A native of Sackville, NB, Honorary Colonel Milner was a member of 681 “Tantramar” Squadron, Royal Canadian Air Cadets (RCAC) and spent one summer in the air force reserve at Canadian Forces base (CFB) Greenwood teaching Ground Search and Survival to cadets. After receiving his PhD in 1983 from the University of New Brunswick he served for three years as an historian with the Directorate of History, Department of National Defence, where he worked on volume two of the Royal Canadian Air Force (RCAF) official history, The Creation of a National Air Force, and on the new official history of the Royal Canadian Navy.
Honorary Colonel Milner joined the History Department at the University of New Brunswick (UNB) in 1986, served as Director of UNB’s Military and Strategic Studies Program for two decades, and Chair of UNB’s History Department for six years. He was appointed Director of the Gregg Centre in 2006. Honorary Colonel Milner has served on the Canadian Military Colleges Advisory Board 1989-1996, on the Board of Visitors of the Canadian Forces College 2002-09, and the Board of Governors of the Royal Military College of Canada 201-2016. In recognition of his work, he was appointed “University Research Scholar” by UNB in 2010.

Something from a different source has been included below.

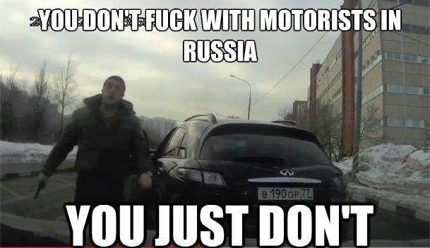 The caption says it all, You just don't F**k with motorist in russia, you just don't mess with them, or you'll get a gun pulled on you.

Honorary Colonel Milner is widely published and best known for his work on naval history, including North Atlantic Run (1985), The U-Boat Hunters (1995), and Canada’s Navy: The First Century (1999). His 2003 book Battle of the Atlantic won the C.P. Stacey Prize for the best book in military history in Canada. His articles have appeared in numerous journals and scholarly publications, and for years he wrote a regular column on Canadian naval history for Legion Magazine. Honorary Colonel Milner’s latest research project is on the Normandy campaign of 1944. His latest book, Stopping the Panzers: The Untold Story of D-Day, was published by University Press of Kansas in 2014.